▶ The records:
--------------------------------------------------

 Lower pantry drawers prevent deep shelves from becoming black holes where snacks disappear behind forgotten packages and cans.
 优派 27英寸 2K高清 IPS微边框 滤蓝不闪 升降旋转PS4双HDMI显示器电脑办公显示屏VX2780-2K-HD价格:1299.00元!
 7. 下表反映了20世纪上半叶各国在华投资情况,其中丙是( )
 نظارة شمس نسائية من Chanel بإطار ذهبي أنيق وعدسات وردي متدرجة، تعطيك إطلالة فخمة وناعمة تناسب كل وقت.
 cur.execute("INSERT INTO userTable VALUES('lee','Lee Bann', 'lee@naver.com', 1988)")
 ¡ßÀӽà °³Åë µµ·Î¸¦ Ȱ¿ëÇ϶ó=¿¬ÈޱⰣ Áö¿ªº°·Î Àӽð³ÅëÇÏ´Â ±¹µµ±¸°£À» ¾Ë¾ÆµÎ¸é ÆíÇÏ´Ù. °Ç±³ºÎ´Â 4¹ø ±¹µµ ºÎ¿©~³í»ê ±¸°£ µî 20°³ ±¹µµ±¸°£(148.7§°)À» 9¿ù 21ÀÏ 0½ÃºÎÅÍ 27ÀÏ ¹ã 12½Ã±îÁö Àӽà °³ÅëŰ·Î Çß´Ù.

--------------------------------------------------

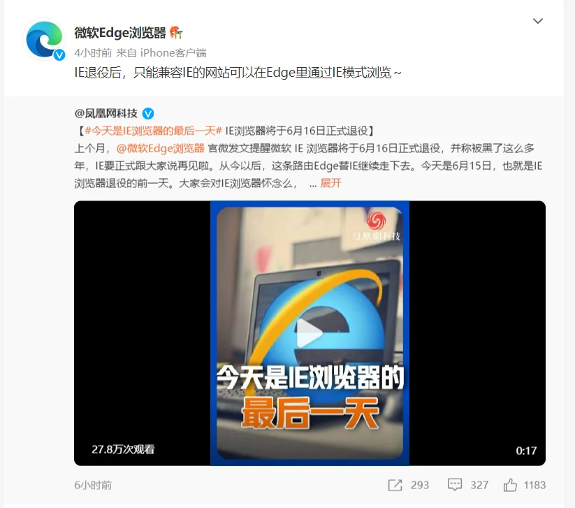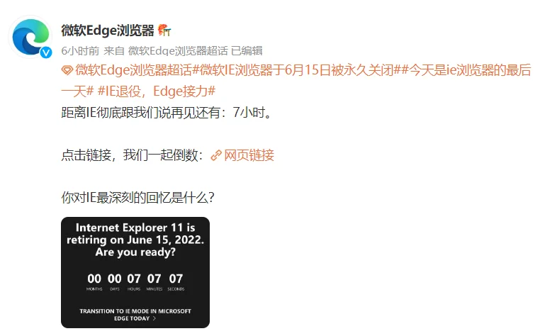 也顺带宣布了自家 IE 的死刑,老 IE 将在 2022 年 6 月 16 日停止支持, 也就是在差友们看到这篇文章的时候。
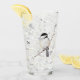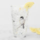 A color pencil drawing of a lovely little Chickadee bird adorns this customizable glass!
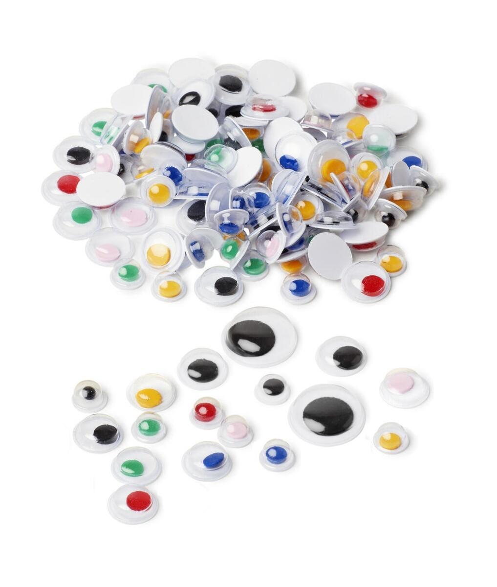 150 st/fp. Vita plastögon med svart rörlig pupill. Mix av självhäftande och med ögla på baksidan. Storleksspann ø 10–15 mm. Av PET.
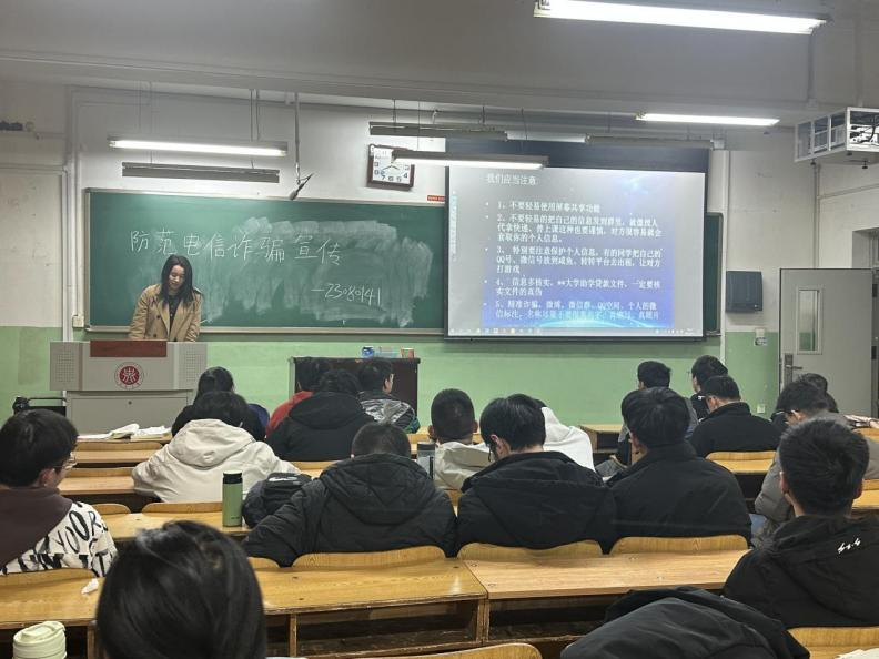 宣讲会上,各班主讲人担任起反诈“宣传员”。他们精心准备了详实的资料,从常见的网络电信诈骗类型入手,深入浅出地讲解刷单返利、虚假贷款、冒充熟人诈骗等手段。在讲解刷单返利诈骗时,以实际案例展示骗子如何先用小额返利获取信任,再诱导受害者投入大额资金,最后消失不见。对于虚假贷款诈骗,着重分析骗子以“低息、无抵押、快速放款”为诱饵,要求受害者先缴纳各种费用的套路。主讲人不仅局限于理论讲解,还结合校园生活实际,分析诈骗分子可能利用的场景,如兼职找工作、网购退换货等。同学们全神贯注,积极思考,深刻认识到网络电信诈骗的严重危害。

--------------------------------------------------

▶ Task to carry out: Set down precisely the lines above between the line holding "优派 27英寸 2K高清" and the line holding "Àӽà °³ÅëŰ·Î Çß´Ù.", inclusive, and nothing beyond them.

▶ Response to this task:
 优派 27英寸 2K高清 IPS微边框 滤蓝不闪 升降旋转PS4双HDMI显示器电脑办公显示屏VX2780-2K-HD价格:1299.00元!
 7. 下表反映了20世纪上半叶各国在华投资情况,其中丙是( )
 نظارة شمس نسائية من Chanel بإطار ذهبي أنيق وعدسات وردي متدرجة، تعطيك إطلالة فخمة وناعمة تناسب كل وقت.
 cur.execute("INSERT INTO userTable VALUES('lee','Lee Bann', 'lee@naver.com', 1988)")
 ¡ßÀӽà °³Åë µµ·Î¸¦ Ȱ¿ëÇ϶ó=¿¬ÈޱⰣ Áö¿ªº°·Î Àӽð³ÅëÇÏ´Â ±¹µµ±¸°£À» ¾Ë¾ÆµÎ¸é ÆíÇÏ´Ù. °Ç±³ºÎ´Â 4¹ø ±¹µµ ºÎ¿©~³í»ê ±¸°£ µî 20°³ ±¹µµ±¸°£(148.7§°)À» 9¿ù 21ÀÏ 0½ÃºÎÅÍ 27ÀÏ ¹ã 12½Ã±îÁö Àӽà °³ÅëŰ·Î Çß´Ù.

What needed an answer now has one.